Any seperation of a GPU from its VRAM is going to come at the expense of (a lot ...

sandworm101 · on Feb 22, 2024

That depends on whether performance or capacity is the goal. Smaller amounts of ram closer to the processing unit makes for faster computation, but AI also presents a capacity issue. If the workload needs the space, having a boatload of less-fast ram is still preferable to offloading data to something more stable like flash. That is where bulk memory modules connected though slots may one day appear on GPUs.

duffyjp · on Feb 22, 2024

I'm having flashbacks to owning a Matrox Millenium as a kid.
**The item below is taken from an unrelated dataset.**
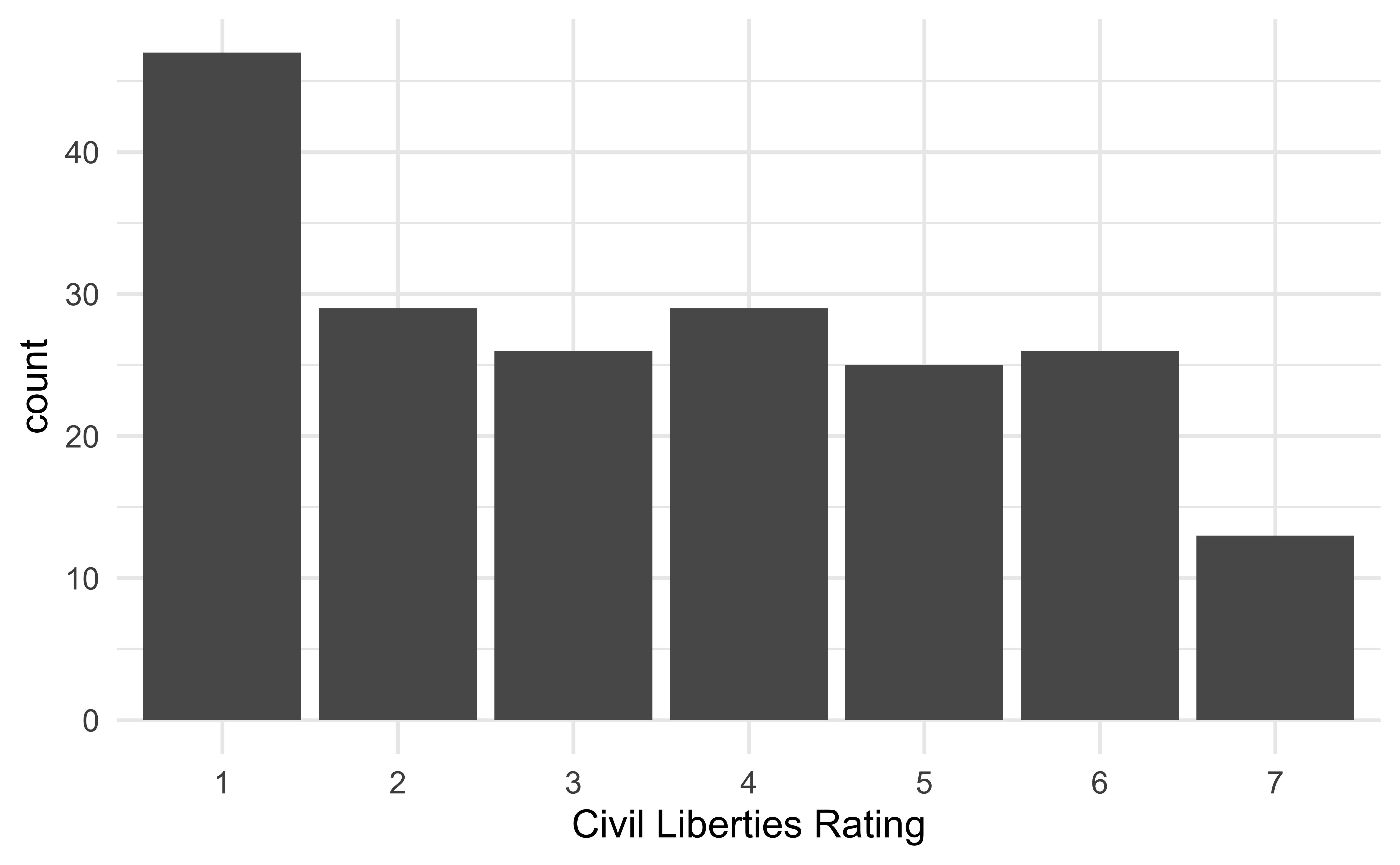 The following visualization shows the distribution civil liberties ratings (1 - greatest degree of freedom to 7 - smallest degree of freedom). This is, undoubtedly, not the best visualization we can make of these data. How can we improve it?

I never did get that 4MB vram upgrade.

https://www.512bit.net/matrox/matrox_millenium.html

mysterydip · on Feb 22, 2024

Is there a way to partition the data so that a given GPU had access to all the data it needs but the job itself was parallelized over multiple GPUs?

Thinking on the classic neural network for example, each column of nodes would only need to talk to the next column. You could group several columns per GPU and then each would process its own set of nodes. While an individual job would be slower, you could run multiple tasks in parallel, processing new inputs after each set of nodes is finished.

zettabomb · on Feb 22, 2024

Of course, this is common with LLMs which are too large to fit in any single GPU. I believe Deepspeed implements what you're referring to.